Lecture Nine - Evolution Flashcards
What do evolutionary processes have an effect on?
The effect that a changing environment has on a population (or a species as a whole) depends heavily on evolutionary processes.
What causes evolution?
Random events:
Stochastic, unpredictable, changes in allele frequencies across generations due to chance factors.
Non-random events:
Some alleles will confer either an advantage or a disadvantage on a ‘phenotype’ or trait, relative to the other alleles in the population.
Advantageous alleles should increase in frequency in the population over generations. Disadvantageous alleles should decrease in frequency over generations.
What is directional selection?
Directional selection:
Two formes -
1) Purifying (negative) eliminates detrimental phenotypes (and alleles) from the population.
Involves individuals with the harmful allele dying before reproduction.
Decreases the frequency of this allele.
2) Positive (Darwinian) selection involves an increase in a particular alleles frequency over generations.

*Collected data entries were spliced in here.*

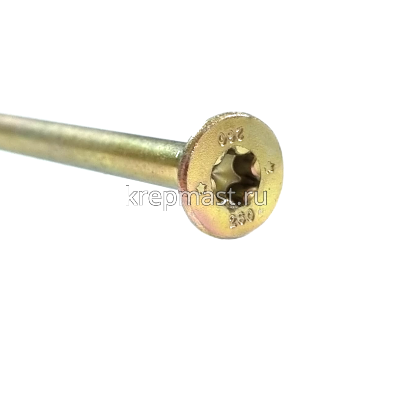 Конструкционный саморез по дереву с потайной головкой 8,0 х 260 совершает в одно движение такие операции, как накернивание, засверливание, зенковка и вворачивание.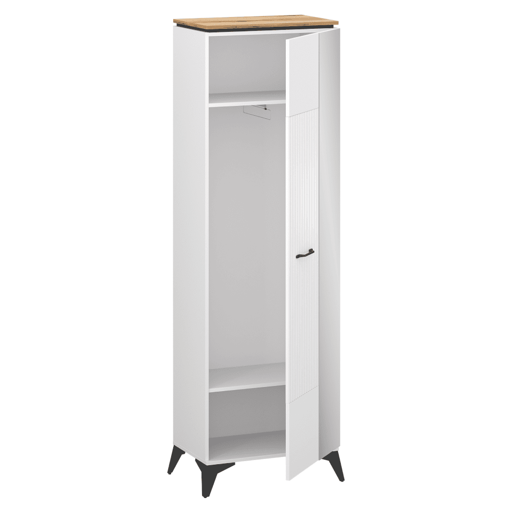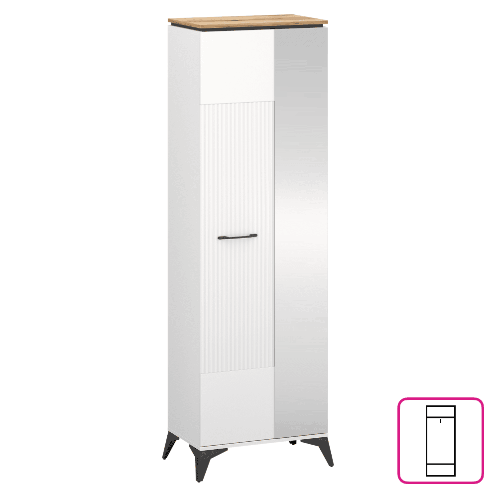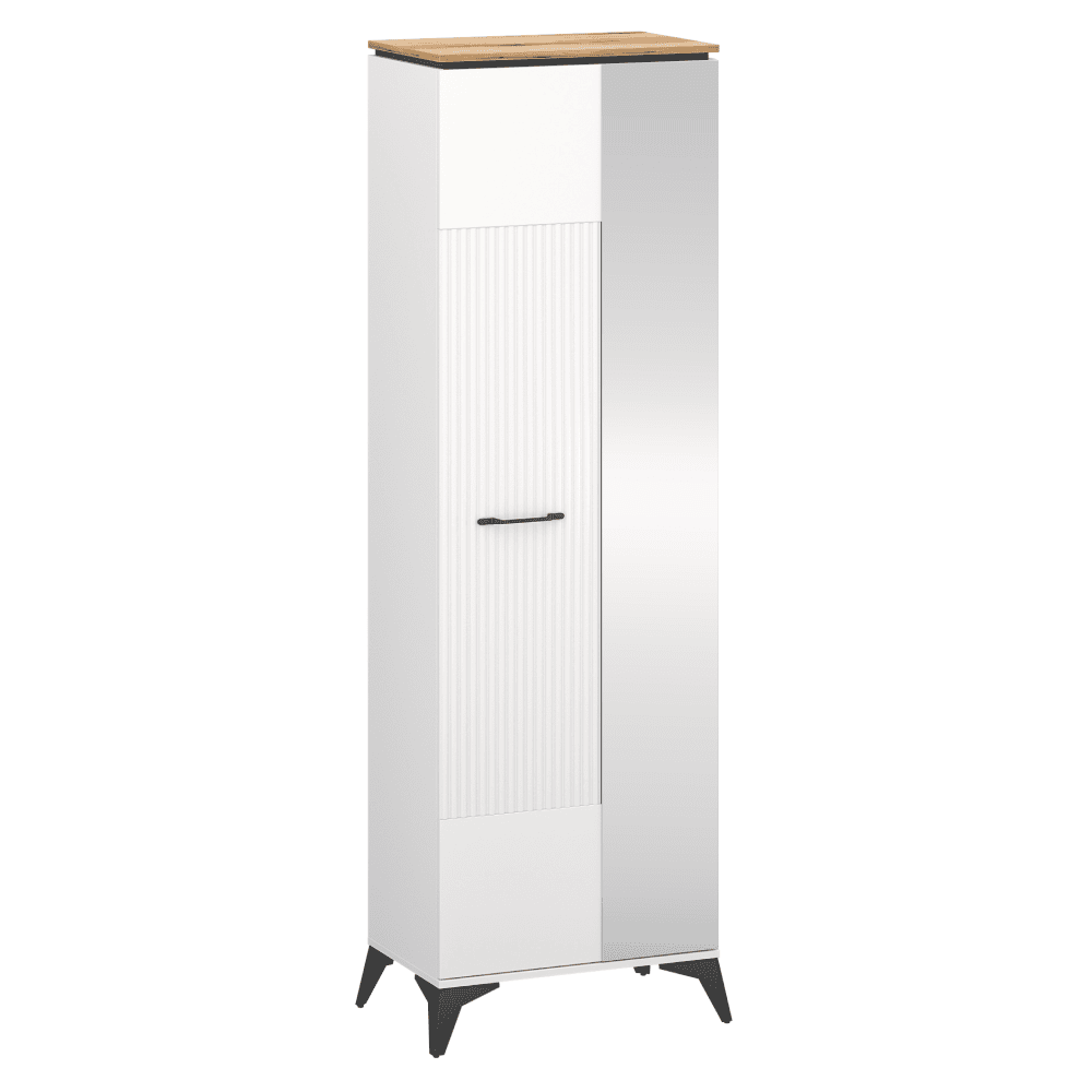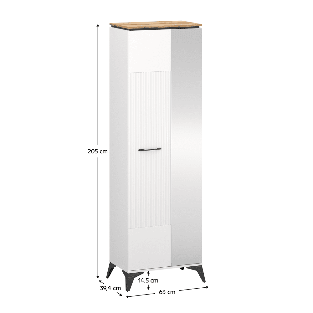 Material: DTD laminat/MDF înfoliat/PVC Culoare: alb/stejar evoke Dimensiuni (lxAxh): 63×39,4×205 cm Grosimea materialului: 1,6 cm Cu o uşă Cu oglindă Poliţă Bară de umeraşe extensibilă Portanţă poliţă: 3 kg Mânere metalice Culoare mânere: neagră Pe picioare Culoare picioare: negre Înălţime picioare: 14,5 cm Uşă frezată decorativ Design modern Recomandăm fixarea de perete Livrată dezasamblată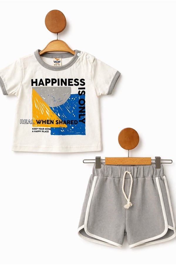 Wow 6-24 Ay Baskılı Waffle Şortlu Bebek Takım Füme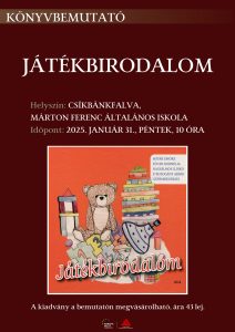 A csíkbánkfalvi Márton Ferenc Általános Iskolában 2025. január 31-én, pénteken 10 órától kortárs gyermekverskötet bemutatására kerül sor. A Játékbirodalom című kiadvány Hargita megyei szerzők: Botár Emőke, Főcze Kornélia, Nagyálmos Ildikó és P. Buzogány Árpád gyermekverseit tartalmazza és a Hargita Megyei Hagyományőrzési Forrásközpont jelentette meg. A könyvet a székelyudvarhelyi Dr. Palló Imre Művészeti Szakközépiskola tanulói illusztrálták. Terjedelme 64 oldal, teljesen színes, kemény kartonborítóval (21X21 cm) készült, a helyszínen megvásárolható (ára 43 lej).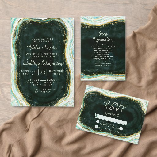 Blauwgroen Groene & Gouden Agaat Marmeren Geode, met Sprankelende Gouden folieaccenten, en Modern trendy geborsteld scriptlettertype. Blauwgroen groene, smaragdgroene en witte stenen look, is luxueus en modern voor uw bruiloft - Gepersonaliseerde bruiloft uitnodigingen! ~ Controleer mijn winkel om de volledige bruidssuite voor dit ontwerp te zien!
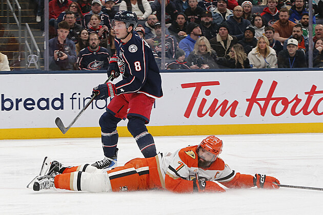 Radko Gudas z ledu přihlíží brance Zacha Werenskiho.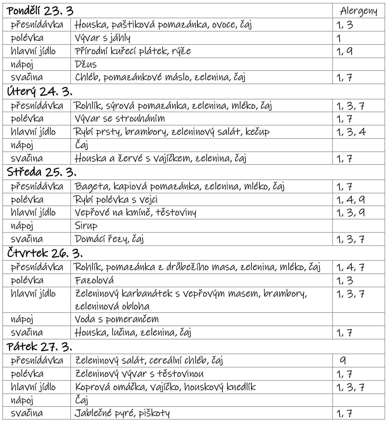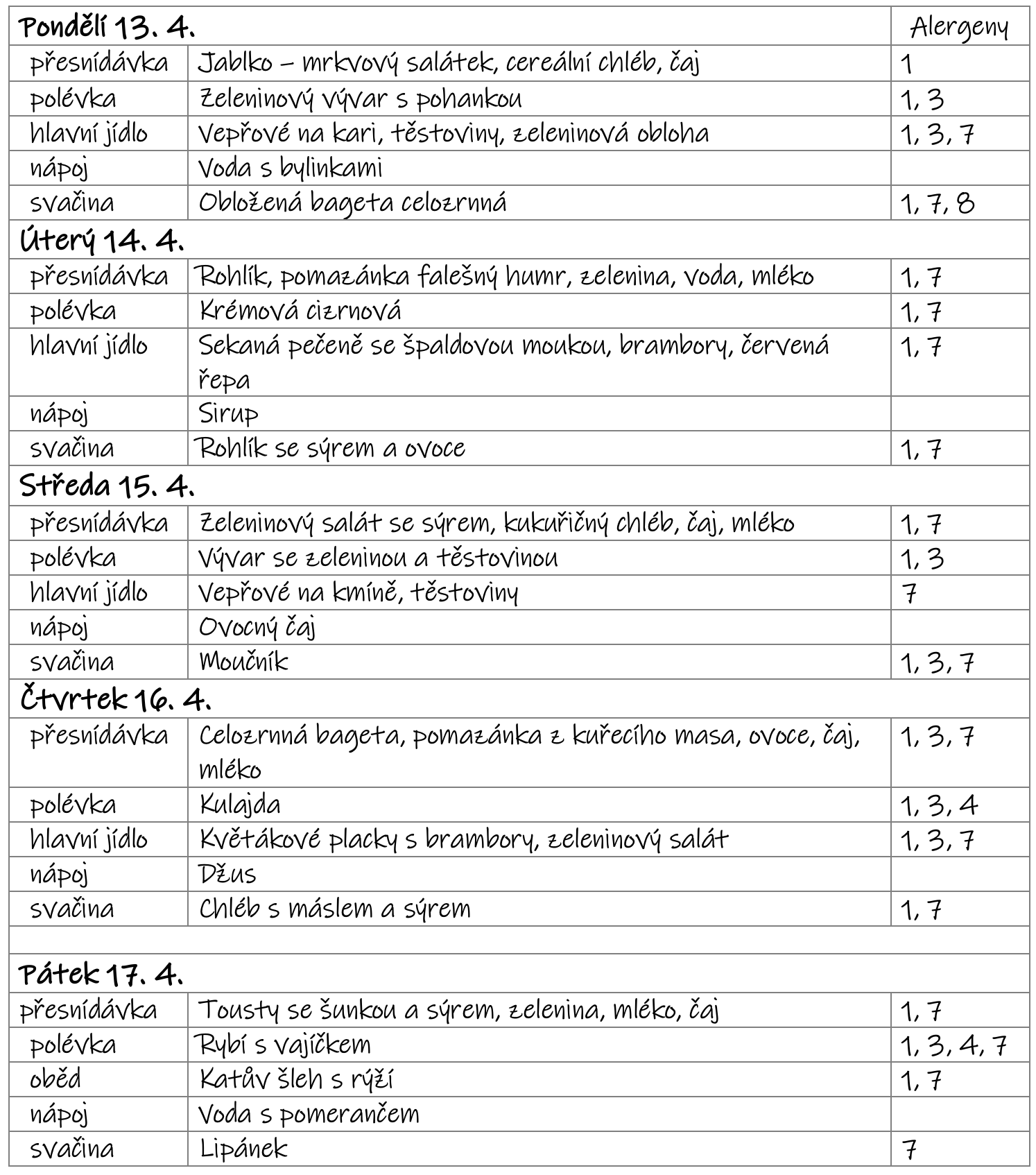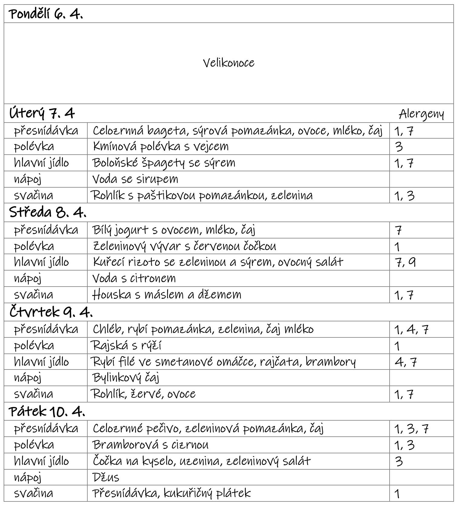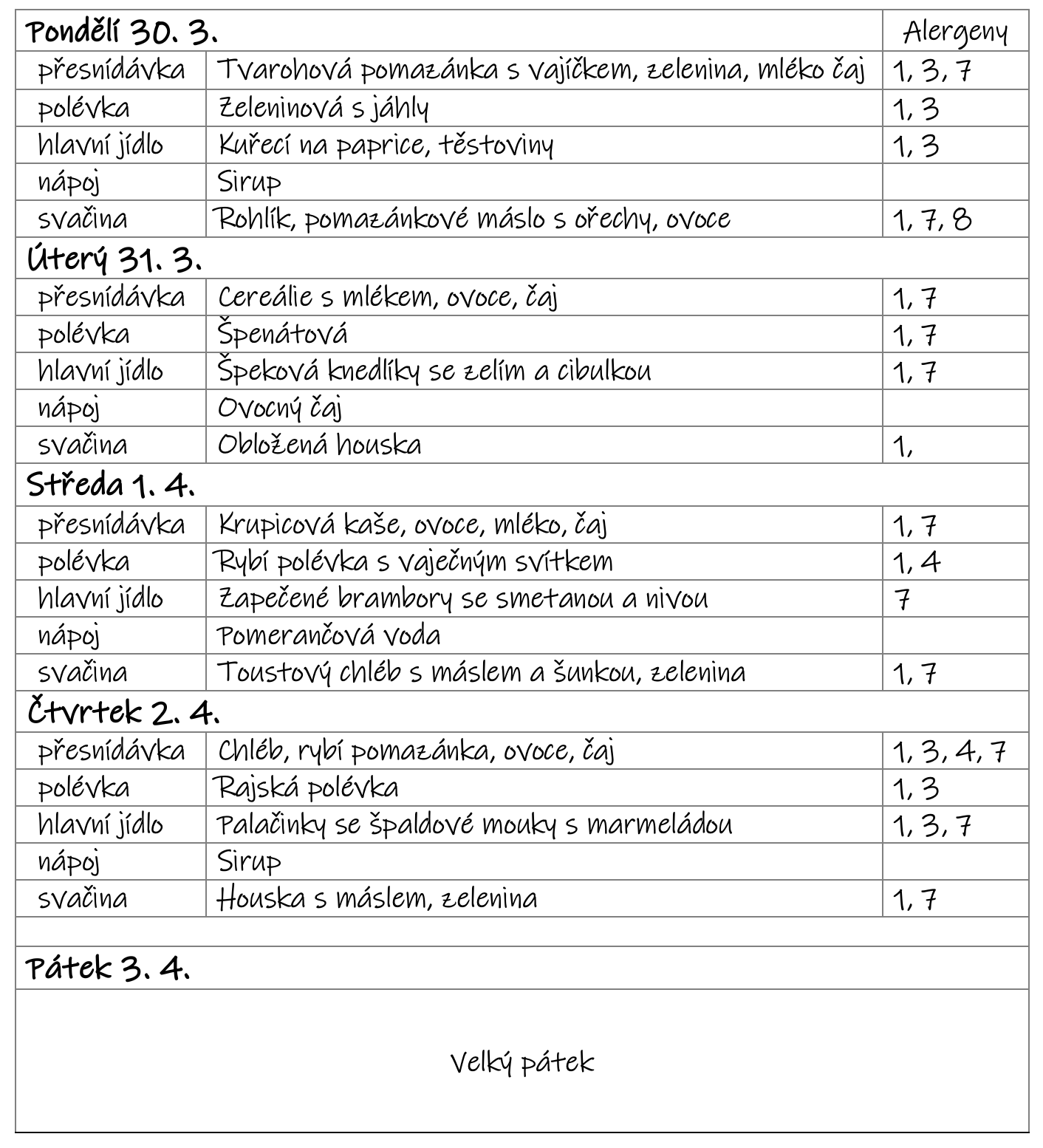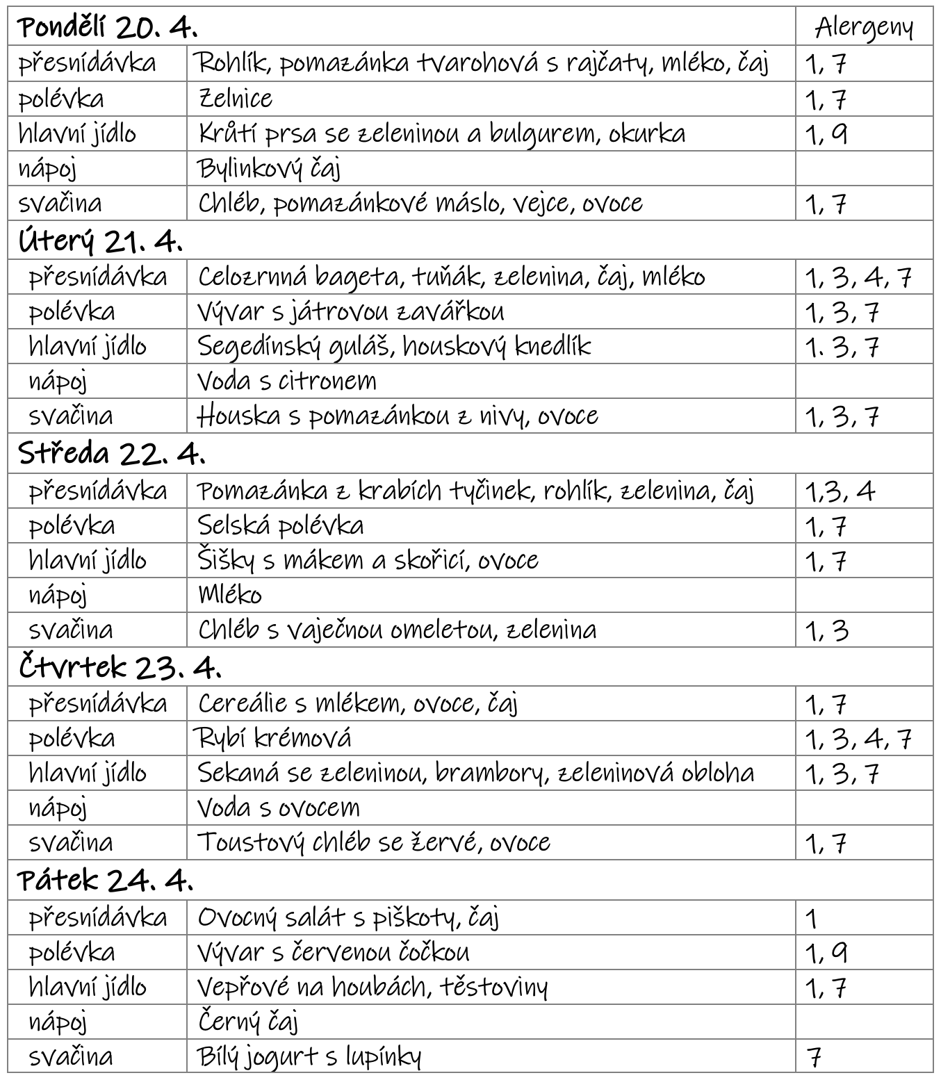 Změna jídelního lístku vyhrazena - v letním týdnu se může jídelníček změnit v závislosti na aktuálním počtu dětí.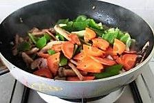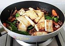 先爆香姜,放入茶树菇,再放入青椒、胡萝卜与豆腐一起拌炒均匀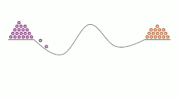 Surface binding energy oscillation also occurs to different extent with the various chemical surface species as defined by the γi-j parameter. For any non-unity γi-j system, the asymmetry in the surface energy profile results in conducting work to bias the reaction to a steady state away from equilibrium.[10] Similar to the controlled directionality of molecular machines, the resulting ratchet (device) energy mechanism selectively moves molecules through a catalytic reaction against a free energy gradient.[11]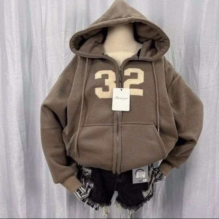 [T95] Áo Khoác Nỉ Dệt Nữ Thêu Số 32 Form Rộng , Dáng Boxy Lửng , Có Túi Trong Tay Xỏ Ngón Siêu Dày Dặn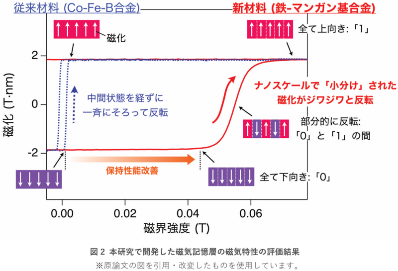 今回開発した磁気記憶層の磁気特性を評価した結果を図2に示します。「0」と「1」に対応した二つの磁化状態だけを利用する磁気メモリとは異なり、磁気メモリスタは磁気記憶層の段階的な磁化反転を利用します。従来のCo-Fe-B合金では1ミリテスラ程度のわずかな磁界で一斉に磁化が反転してしまうため、磁気メモリスタとして重要な、部分的に磁化が反転した中間状態を安定に保持することができません。一方で、スピノーダル分解によって磁化がナノスケールで「小分け」にされた鉄-マンガン基合金では50ミリテスラ程度まで磁化の状態が保持され、さらに磁界強度を増大することで「0」と「1」の間の状態を表現するのに必要な中間状態を伴いながら緩やかに磁化の反転が進行していく様子が確認されます。これらの特性は磁気メモリスタとして中間状態を制御し、その状態を安定に保持する上で非常に重要です。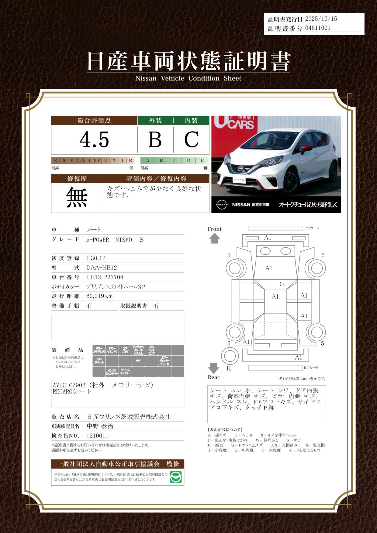車両保証(ノート e-パワーニスモ S:茨城日産自動車株式会社オートクチュールひたち野うしく)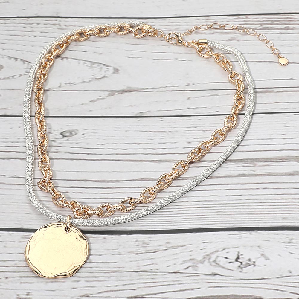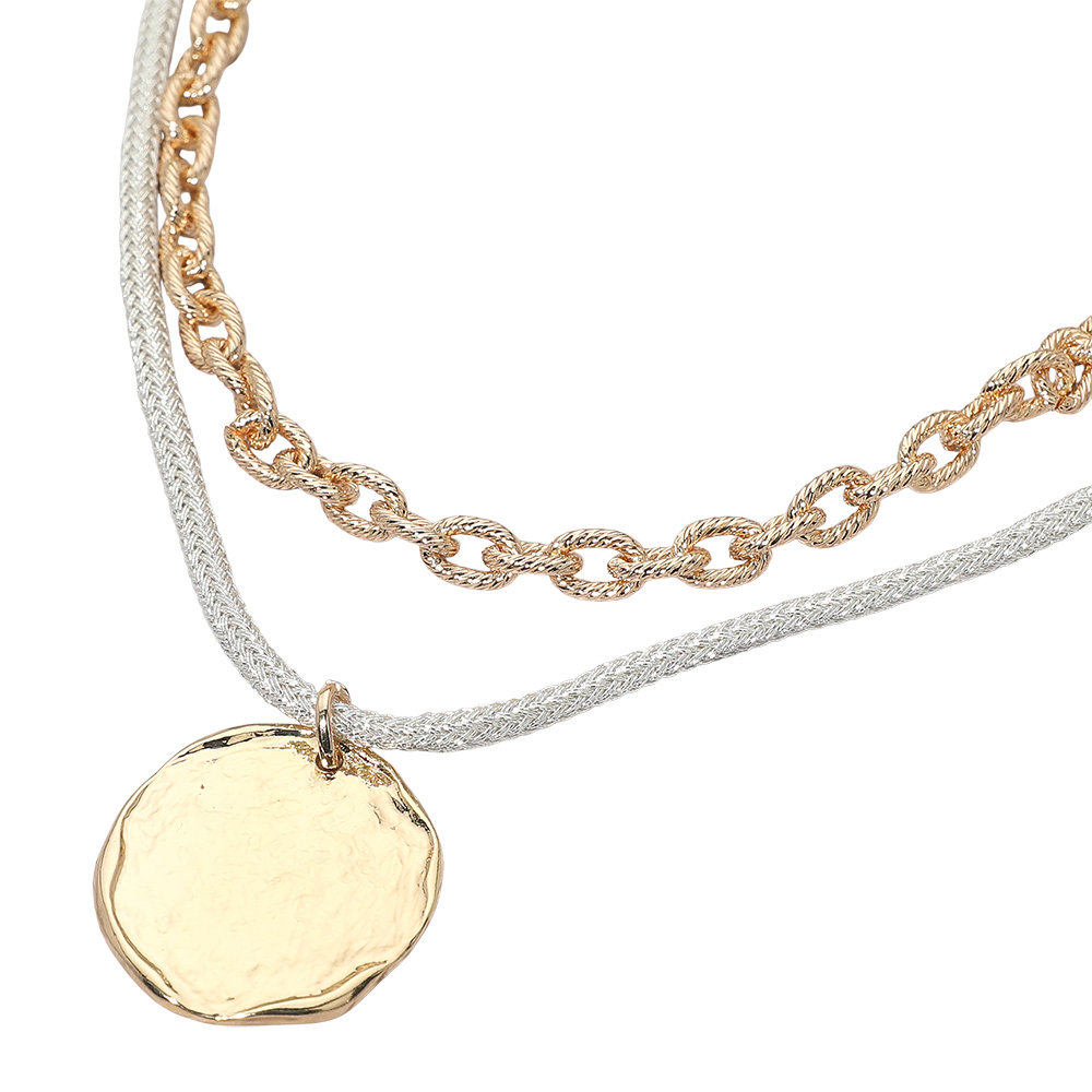 Details • Necklace Size : 14.5" + 3.25" L • Decor Size : 1.5" L • Pendant Size : 1.1" X 1.2" • This layered chain necklace features a textured coin pendant that adds modern charm and everyday elegance. Designed to layer easily or wear solo, it suits casual outfits, elevated looks, gifting displays, and boutique assortments seeking timeless, versatile statement jewelry. • Lead and Nickel Compliant

Beneficial alleles have a competitive advantage within the population - the confer phenotypes that are competitively superior - individuals with these phenotypes are more likely to reproduce the others in the population.
What is domestication?
A form of evolution under positive selection.
In nature, evolution occurs by ‘natural selection.’
When humans do the selecting, we call it ‘artificial selection.’
What is disruptive selection?
Directional selection, but favours alleles for phenotypes at BOTH ends of the continuum.
What is balancing selection?
Maintins genetic variation.
Main form is selection on the heterozygote.
Heterozygote advantage - when heterozygotes out perform homozygotes.